The Dow Jones Industrial Average fell 183 points (0.6%) to 28,462, the S&P 500 Index was down 19 points (0.6%) to 3,221 and the Nasdaq Composite declined 61 points (0.7%) to 8,946. In light-to moderate volume, 689 million shares were traded on the NYSE and 2.0 billion shares changed hands on the NASDAQ. WTI oil nudged $0.04 lower to $61.72 per barrel and wholesale gasoline shed $0.02 to $1.72 per gallon. Elsewhere, the Bloomberg gold spot price rose $4.69 to $1,515.25 per ounce and the Dollar Index—a comparison of the U.S. dollar to six major world currencies—was down 0.2% to 96.77.
The advance goods trade balance showed that the November deficit surprisingly narrowed, coming in at $63.2 billion versus the Bloomberg estimate of $68.7 billion.

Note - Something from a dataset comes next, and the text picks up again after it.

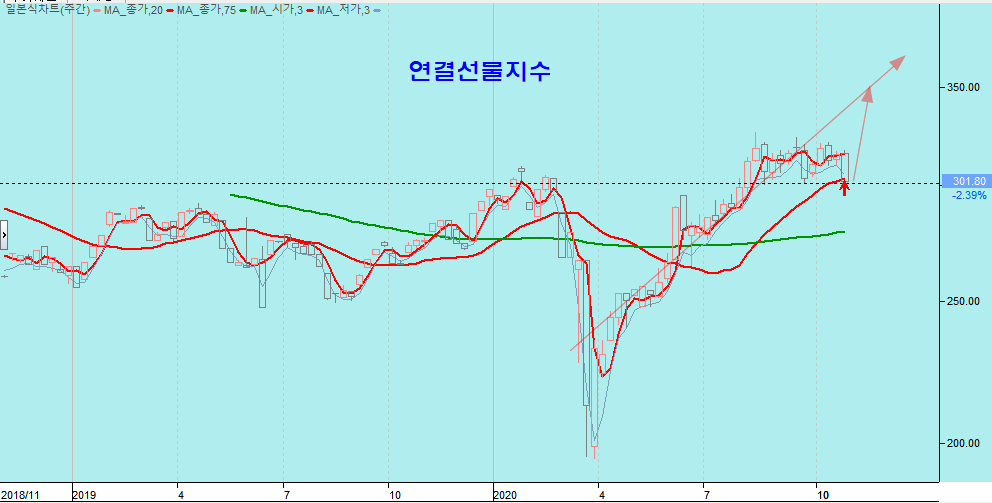 종합주가지수와 연결선물지수는 6월 중기 추세선인 20주 평균을 돌파한 후 재차 20주 평균선에 접함으로써 중요한 눌림목 조정의 매수 기회이다. 상승하는 추세에 대해 주가가 3개월 여에 걸쳐 박스권 조정을 함으로써 추세와의 이격이 발생해 있으며 이것은 하락 정체한 만큼 강한 상승이 준비됨을 의미한다.
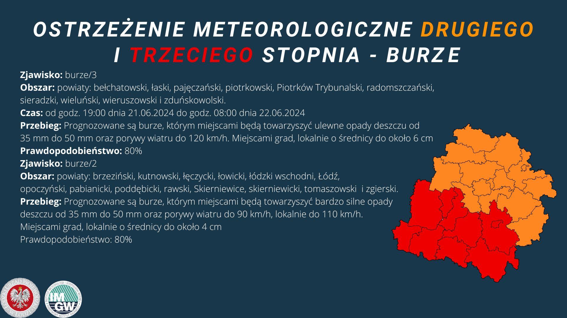 Ostrzeżenie meteorologiczne II i III stopnia dotyczące burz

October’s deficit was unrevised at $66.5 billion.
The Chicago PMI improved more than expected but remained at a level depicting contraction (a reading below 50) for a fourth-straight month, rising to 48.9 in December from November’s 46.3 level and compared to expectations of a 47.9 reading. Production fell at a slower pace but new orders and employment contracted at faster paces.
Preliminary wholesale inventories came in flat month-over-month (m/m) for November, below expectations of a 0.2% increase, and versus October’s downwardly-revised flat pace.
Pending home sales rose 1.2% m/m in November, versus projections of a 1.4% gain, and following the downwardly-revised 1.3% fall registered in October. Sales were 5.6% higher y/y, compared to the expected 7.4% rise. Pending home sales reflect contract signings and are a gauge of the pipeline of existing home sales.
The December Dallas Fed Manufacturing Index surprisingly fell further into a level depicting contraction (a reading below zero), dropping to -3.2 from -1.3 in November, and versus expectations of an increase to 0.0.
Treasuries were mixed, as the yield on the 2-year note lost 2 basis points (bps) to 1.56%, while the yields on the 10-year note and the 30-year bond gained 3 bps to 1.89% and 2.34%, respectively. Bond yields have moved higher as of late, with the U.S. and China reaching a “phase one” trade deal, the U.S. Mexico and Canada trade agreement (USMCA) receiving approval, and global economic data showing signs of a potential bottom, all amid the backdrop of highly accommodative monetary policies across the globe.